- Location: Northern Administration District, Saskatchewan
- Coordinates: 54°07′17″N 105°10′16″W﻿ / ﻿54.1213°N 105.1712°W
- Basin countries: Canada
- Surface area: 5,588 ha (13,810 acres)
- Max. depth: 40.6 m (133 ft)
- Shore length^{1}: 65.9 km (40.9 mi)
- Surface elevation: 591 m (1,939 ft)
- Islands: Hovdebo Island

= Whiteswan Lakes =

Lake in Saskatchewan, Canada

Whiteswan Lakes are a group of lakes in the Canadian province of Saskatchewan. The lakes are in the boreal forest ecozone west of the Cub Hills.
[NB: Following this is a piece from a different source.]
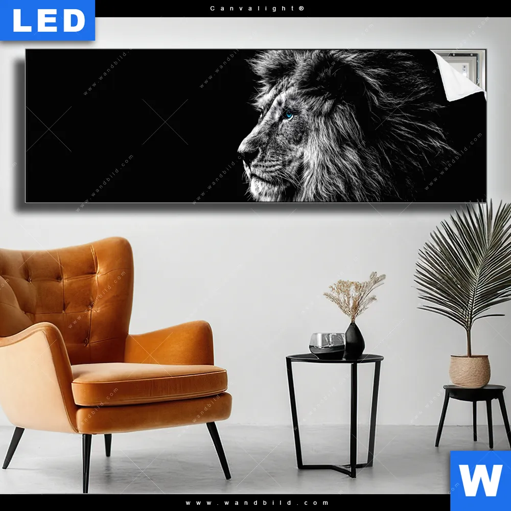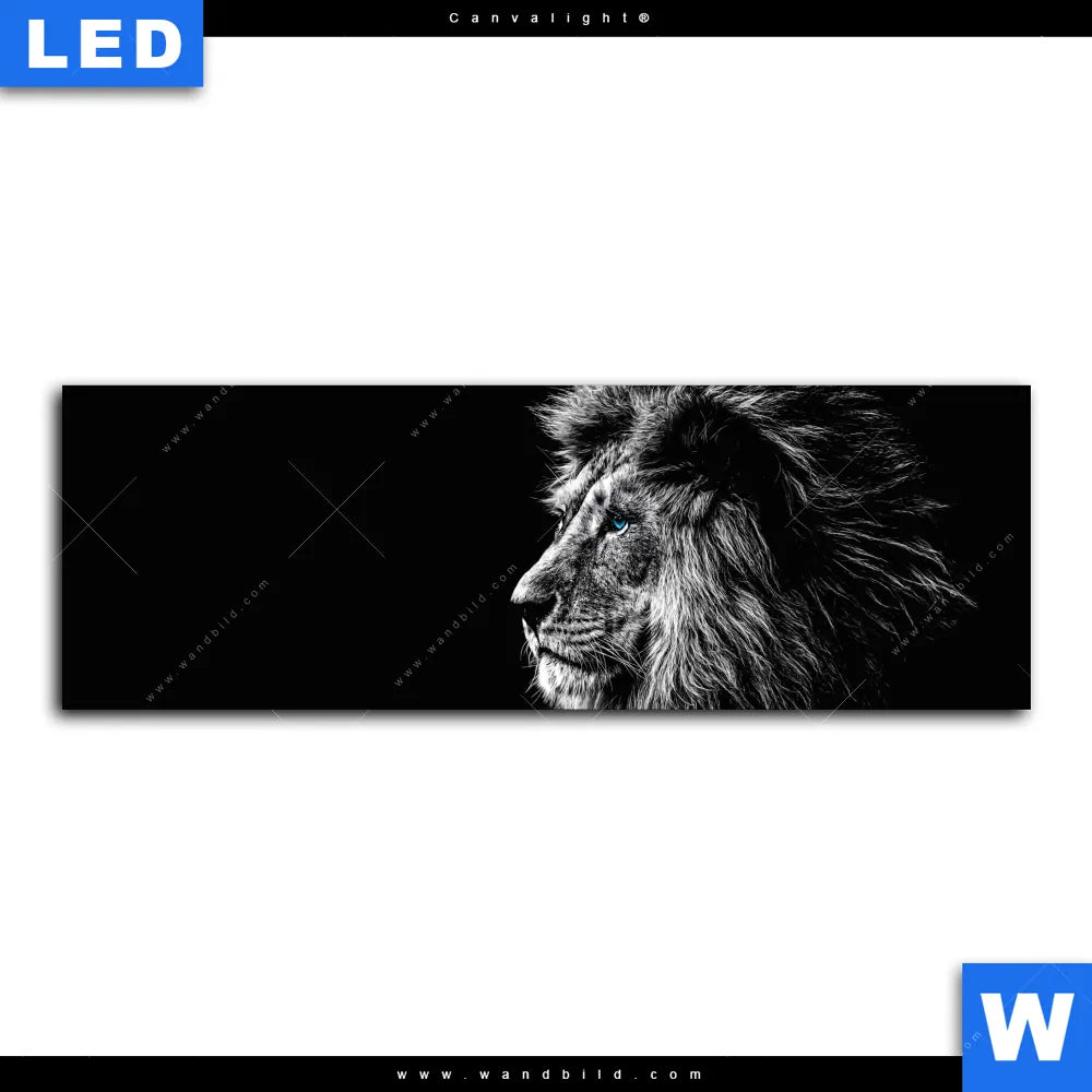 Canvalight® Leuchtbild | Löwe mit blauen Augen | Panorama

At the southern end of the lakes, on Whelan Bay, is a provincial recreation site and a resort with lodging, camping, and recreational access to the lakes.
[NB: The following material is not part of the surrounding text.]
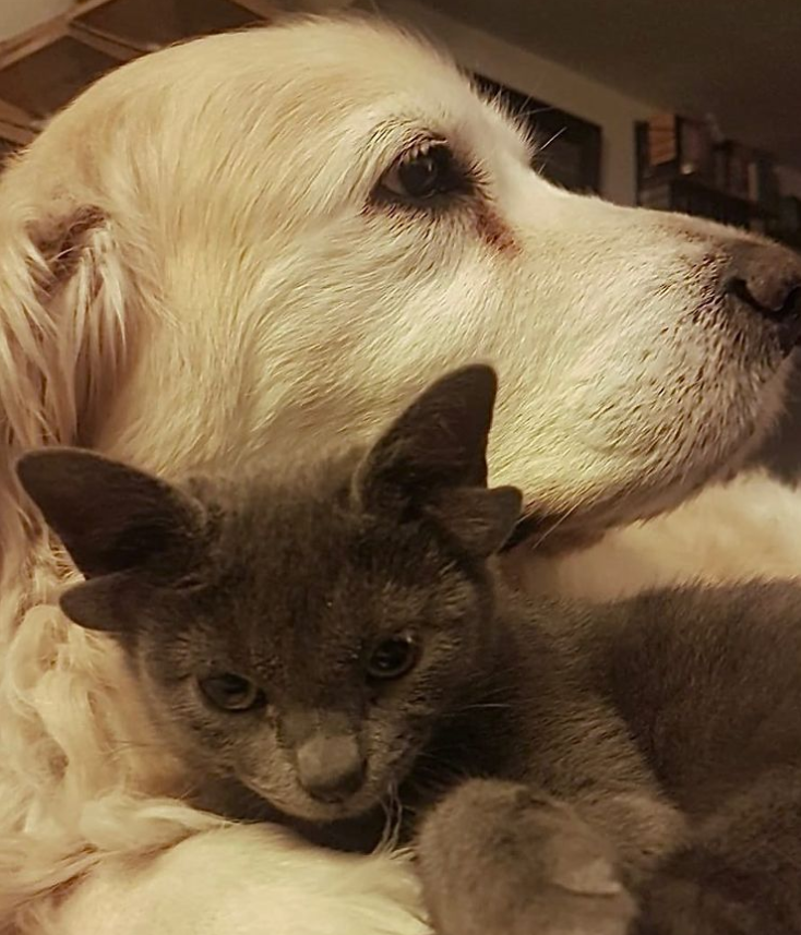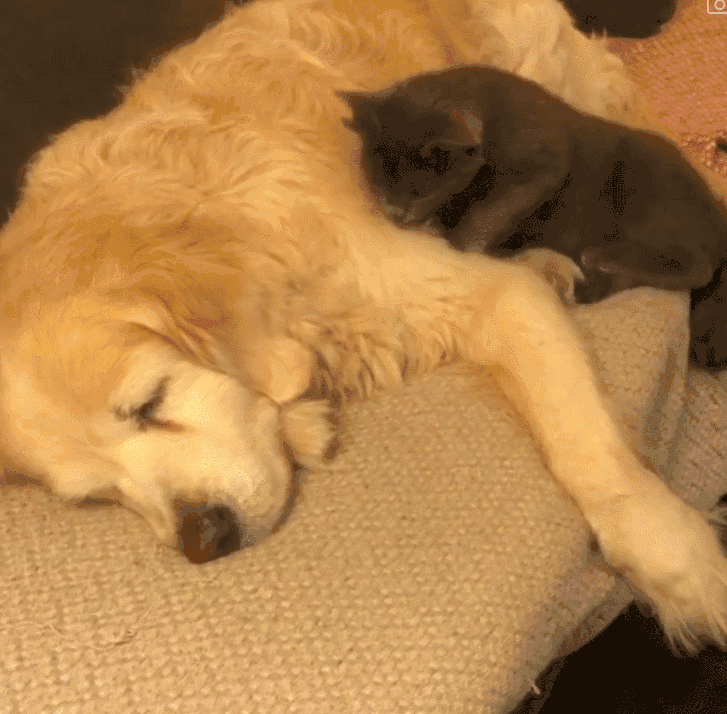 金毛对待这个小家伙非常细心,每次都小心翼翼不要压到她。

The Whiteswan Lakes are in the Northern Saskatchewan Administration District and are central to three nearby provincial parks: Narrow Hills Provincial Park to the east, Clarence-Steepbank Lakes Provincial Park to the north, and Candle Lake Provincial Park to the south. Access to the lakes is from Saskatchewan Highway 913.
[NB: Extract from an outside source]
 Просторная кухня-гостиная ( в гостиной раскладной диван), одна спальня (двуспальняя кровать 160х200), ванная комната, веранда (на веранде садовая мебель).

== Whiteswan Lake (Whelan Bay) Recreation Site ==
Whiteswan Lake (Whelan Bay) Recreation Site is a provincial recreation site at the southern end of the Whiteswan Lakes on Whelan Bay. The park includes the neighbouring Pinkney Lake and encompasses the Whiteswan Lake Resort. The resort has access to the lakes for scuba diving, swimming, boating, and fishing. There is a licensed restaurant and accommodations include cabins, RV sites, and wilderness campsites. Activities include hiking, ATVing, and, in the winter, 172 km of snowmobile trails.

== Fish species ==
Fish commonly found in the Whiteswan Lakes include lake trout, yellow perch, and northern pike. The lakes are regularly stocked with lake trout.